Given entries ::
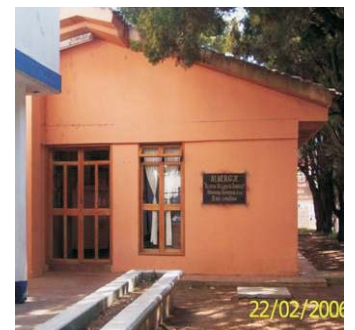
Albergue San cristóbal de las casas.
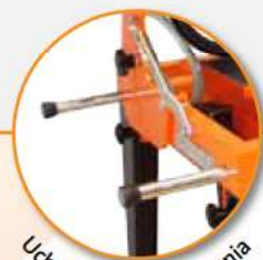
Uchwyty do przenoszenia
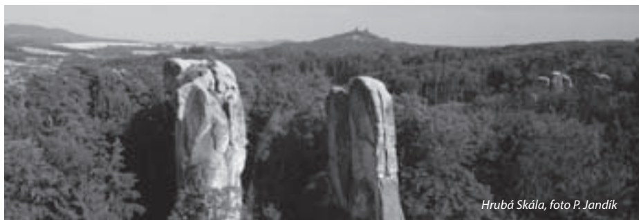
Hrubá Skála

ad. 4: Rezerva, která bude k dispozici pro rozhodnutí výkonného výboru. Pokud navýšení překročí odhadovaných 580. 000,-Kč bude tato položka zachována v nezměněné výši a zbývající prostředky budou převedeny do rozpočtu 2009 nebo do majetku ČHS v závislosti na rozhodnutí Valné hromady 2009.
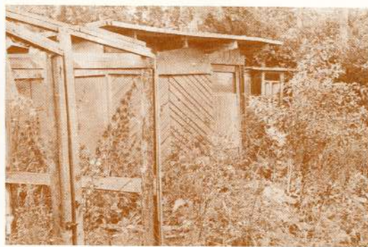
«Gauja» ir arī šādi darzi...

Your goal :: Give an exact copy of the listing, without its pictures.

Written solution ::
Albergue San cristóbal de las casas.
Uchwyty do przenoszenia
Hrubá Skála

ad. 4: Rezerva, která bude k dispozici pro rozhodnutí výkonného výboru. Pokud navýšení překročí odhadovaných 580. 000,-Kč bude tato položka zachována v nezměněné výši a zbývající prostředky budou převedeny do rozpočtu 2009 nebo do majetku ČHS v závislosti na rozhodnutí Valné hromady 2009.
«Gauja» ir arī šādi darzi...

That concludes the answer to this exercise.